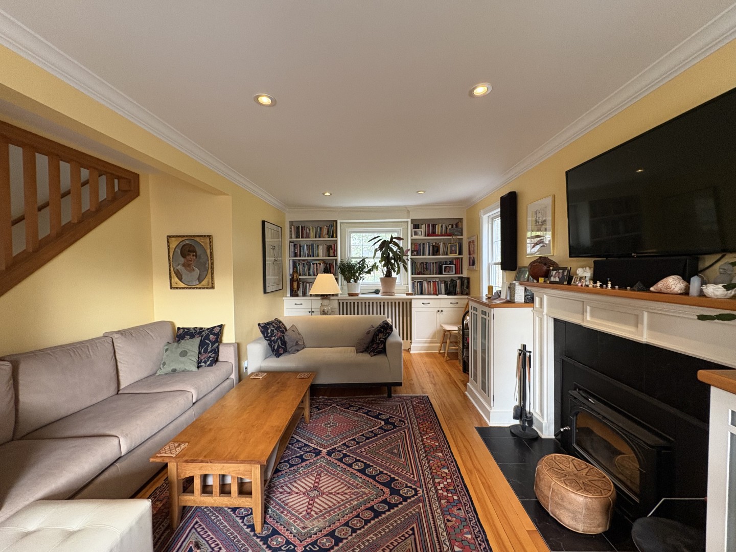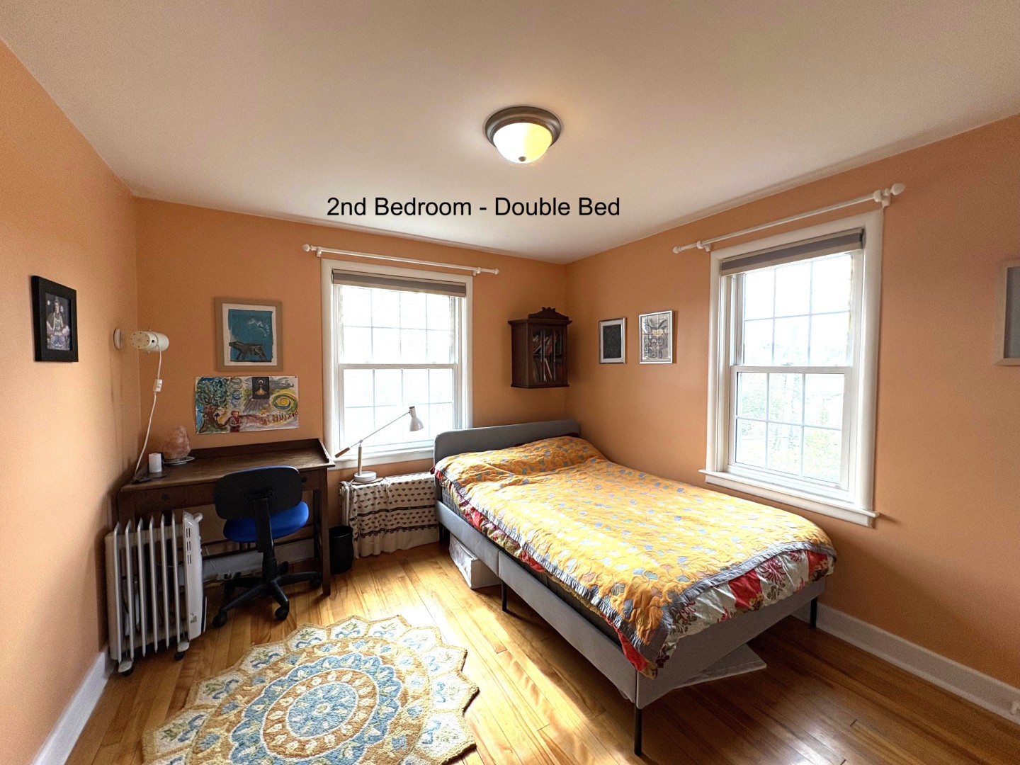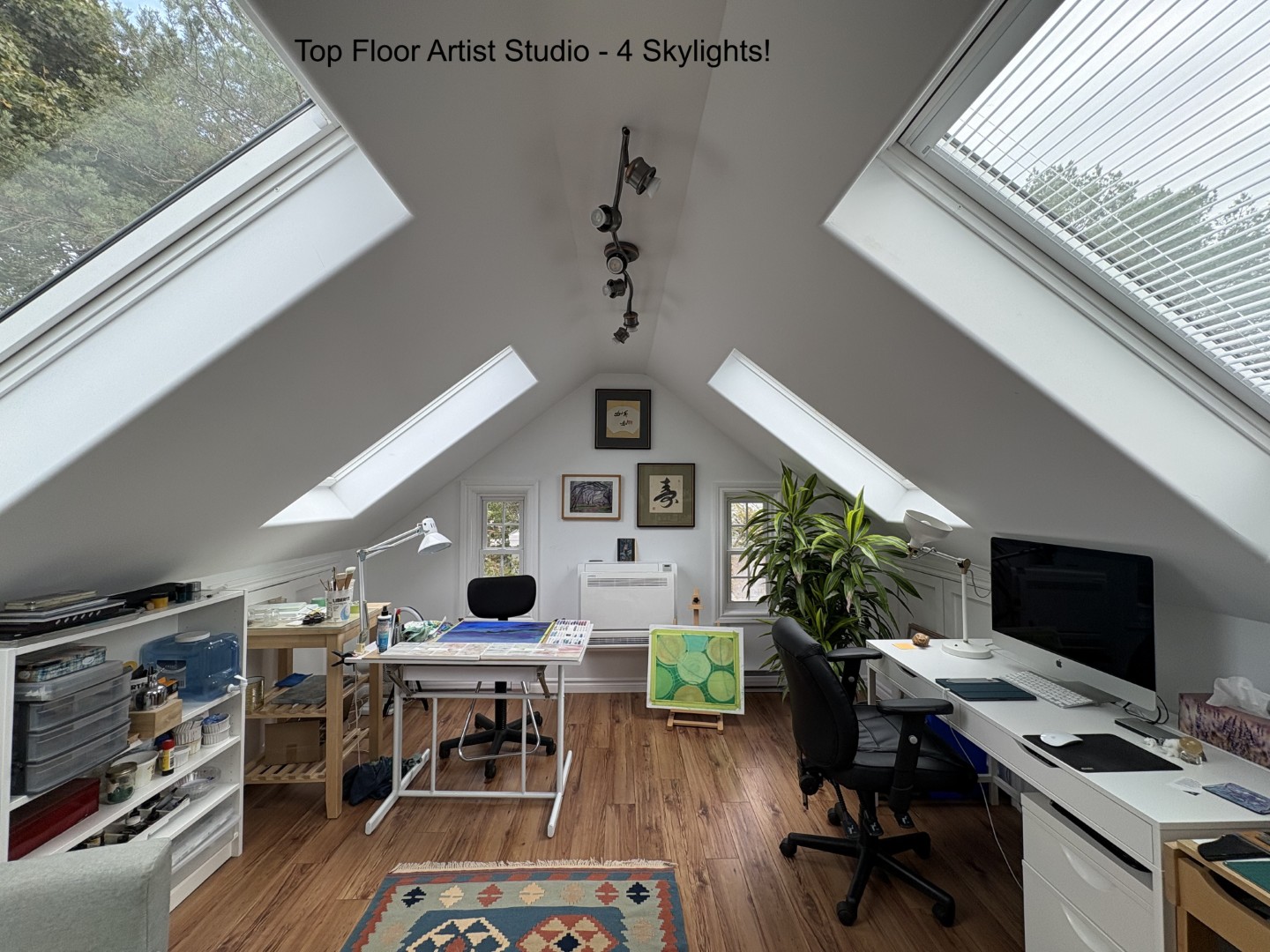 Second level has two bedrooms, one with a Queen bed, the other with a Double, one full bath and a 3rd room currently being used as an exercise/yoga room (with space for a 3rd bed if required). The third level has a light filled artist studio with the aid of 4 skylights!
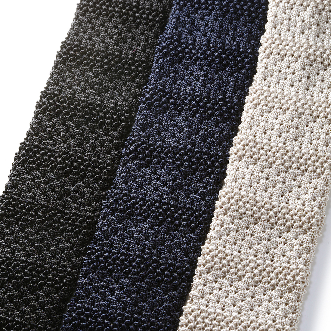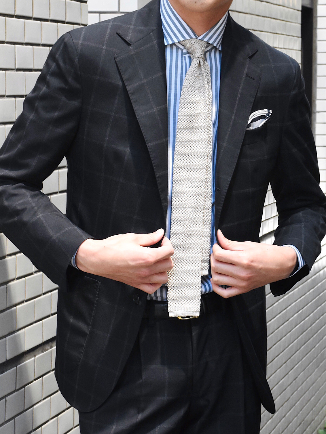 このニットタイは、自信を持ってオススメします!ニットタイは軽くひらひらしたり、厚手でノットがぽってりする物が多く、綺麗に巻くことができない物が多いのであまり好んで巻きませんが、こちらのニットタイは違います。しっかりした生地で、握るとキュキュと生地が鳴き(良いニットタイの証です)、非常に巻きやすくノットも作りやすいです。
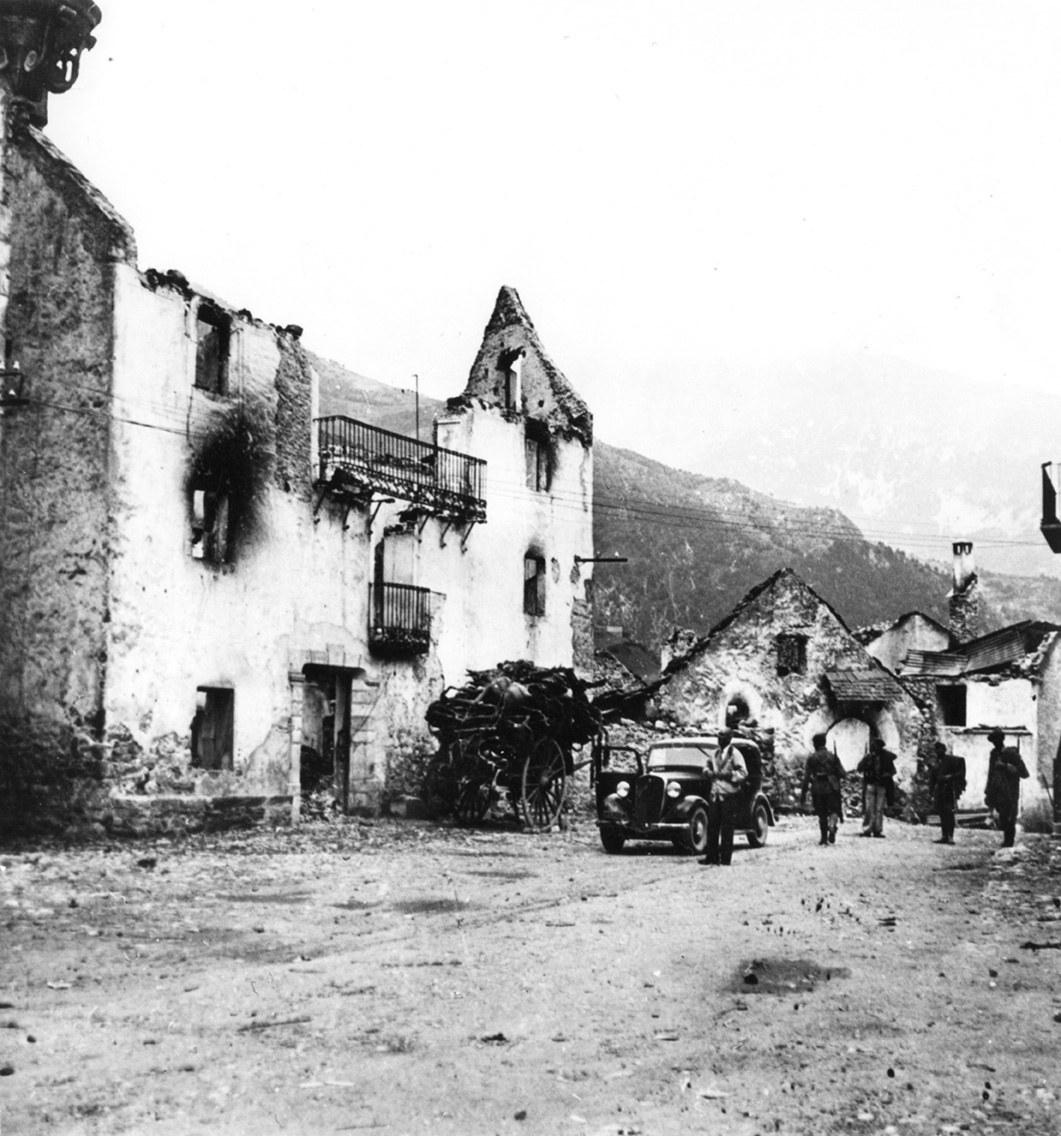 | Título: Plaza de Bielsa tras la retirada del Ejército Republicano |
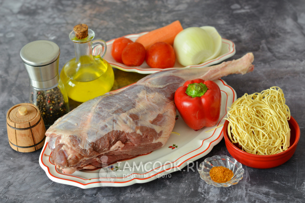 Соберите все необходимые продукты для приготовления лагмана из баранины в мультиварке.
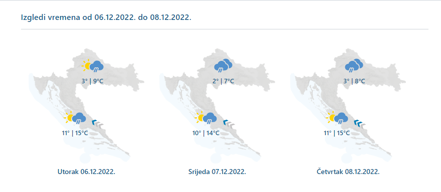U utorak djelomice sunčano, ali ne posvuda suho. Povremena kiša u većini predjela u noći, danju većinom u Dalmaciji, prijepodne i na istoku. Vjetar na kopnu slab. Na sjevernom Jadranu slaba do umjerena bura i sjeverozapadnjak, a u Dalmaciji umjereno jugo. Jutarnja temperatura zraka od 1 do 5, na Jadranu između 9 i 13. Najviša dnevna od 6 do 11, na Jadranu između 13 i 17 °C.
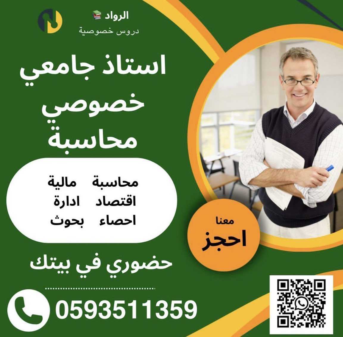 مدرس محاسبة جامعي خصوصي (محاسبة - اقتصاد - احصاء - ادارة مالية- بحوث) متابعة ومراجعة للاختبارات وضمان اعلى العلامات خبرة اكثر من 11 سنة السعر قابل للتفاوض للتواصل: 0593511359
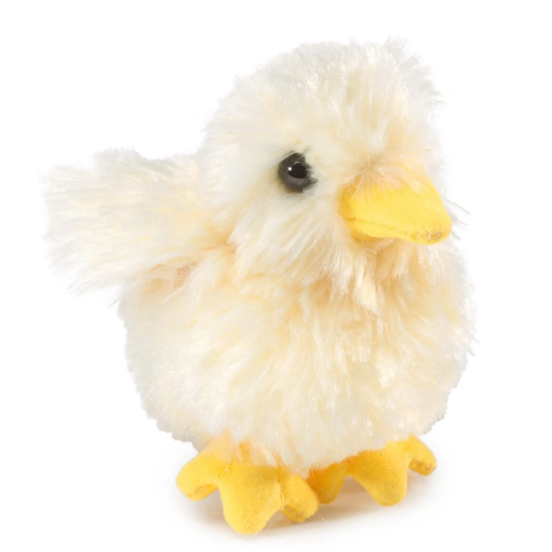 Folkmanis’ MINI CHICK finger puppet is 4-inches tall and oh so sweet. Perfectly sized for little hands, this precious chick has super-soft plush fabric and delicate facial features.
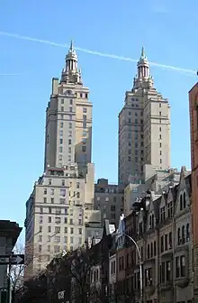 The San Remo is a cooperative apartment building at 145 and 146 Central Park West, between 74th and 75th Streets, adjacent to Central Park on the Upper West Side of Manhattan in New York City. It was constructed from 1929 to 1930 and was designed by architect Emery Roth in the Renaissance Revival style. The San Remo is 27 stories tall, with twin towers rising from a 17-story base. The building is a contributing property to the Central Park West Historic District, a National Register of Historic Places–listed district, and is a New York City designated landmark.
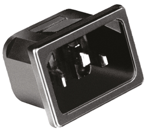 Szeroka gama wlotów mocy typu zatrzaskowego i kołnierzowego niefiltrowanego C-14 z zaciskami faston, termoplastyczne obudowy UL94V-0 o maksymalnym napięciu znamionowym 250 V.
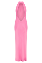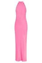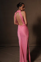 Claire Satin Drape Back Maxi Dress with Split - Pink
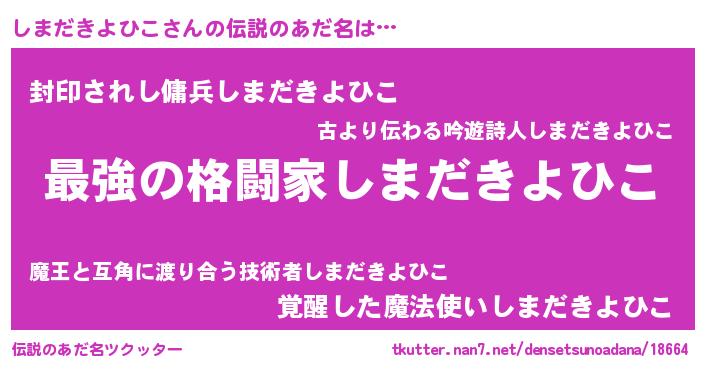 | 男性向けラノベタイトル風あだ名 | 『しまだきよひこ~年齢イコール彼女いない歴の魔法使い~』 |

*Exercise aim:*
Repeat the entries verbatim; no pictures.

*Task solution:*
 Second level has two bedrooms, one with a Queen bed, the other with a Double, one full bath and a 3rd room currently being used as an exercise/yoga room (with space for a 3rd bed if required). The third level has a light filled artist studio with the aid of 4 skylights!
 このニットタイは、自信を持ってオススメします!ニットタイは軽くひらひらしたり、厚手でノットがぽってりする物が多く、綺麗に巻くことができない物が多いのであまり好んで巻きませんが、こちらのニットタイは違います。しっかりした生地で、握るとキュキュと生地が鳴き(良いニットタイの証です)、非常に巻きやすくノットも作りやすいです。
 | Título: Plaza de Bielsa tras la retirada del Ejército Republicano |
 Соберите все необходимые продукты для приготовления лагмана из баранины в мультиварке.
U utorak djelomice sunčano, ali ne posvuda suho. Povremena kiša u većini predjela u noći, danju većinom u Dalmaciji, prijepodne i na istoku. Vjetar na kopnu slab. Na sjevernom Jadranu slaba do umjerena bura i sjeverozapadnjak, a u Dalmaciji umjereno jugo. Jutarnja temperatura zraka od 1 do 5, na Jadranu između 9 i 13. Najviša dnevna od 6 do 11, na Jadranu između 13 i 17 °C.
 مدرس محاسبة جامعي خصوصي (محاسبة - اقتصاد - احصاء - ادارة مالية- بحوث) متابعة ومراجعة للاختبارات وضمان اعلى العلامات خبرة اكثر من 11 سنة السعر قابل للتفاوض للتواصل: 0593511359
 Folkmanis’ MINI CHICK finger puppet is 4-inches tall and oh so sweet. Perfectly sized for little hands, this precious chick has super-soft plush fabric and delicate facial features.
 The San Remo is a cooperative apartment building at 145 and 146 Central Park West, between 74th and 75th Streets, adjacent to Central Park on the Upper West Side of Manhattan in New York City. It was constructed from 1929 to 1930 and was designed by architect Emery Roth in the Renaissance Revival style. The San Remo is 27 stories tall, with twin towers rising from a 17-story base. The building is a contributing property to the Central Park West Historic District, a National Register of Historic Places–listed district, and is a New York City designated landmark.
 Szeroka gama wlotów mocy typu zatrzaskowego i kołnierzowego niefiltrowanego C-14 z zaciskami faston, termoplastyczne obudowy UL94V-0 o maksymalnym napięciu znamionowym 250 V.
 Claire Satin Drape Back Maxi Dress with Split - Pink
 | 男性向けラノベタイトル風あだ名 | 『しまだきよひこ~年齢イコール彼女いない歴の魔法使い~』 |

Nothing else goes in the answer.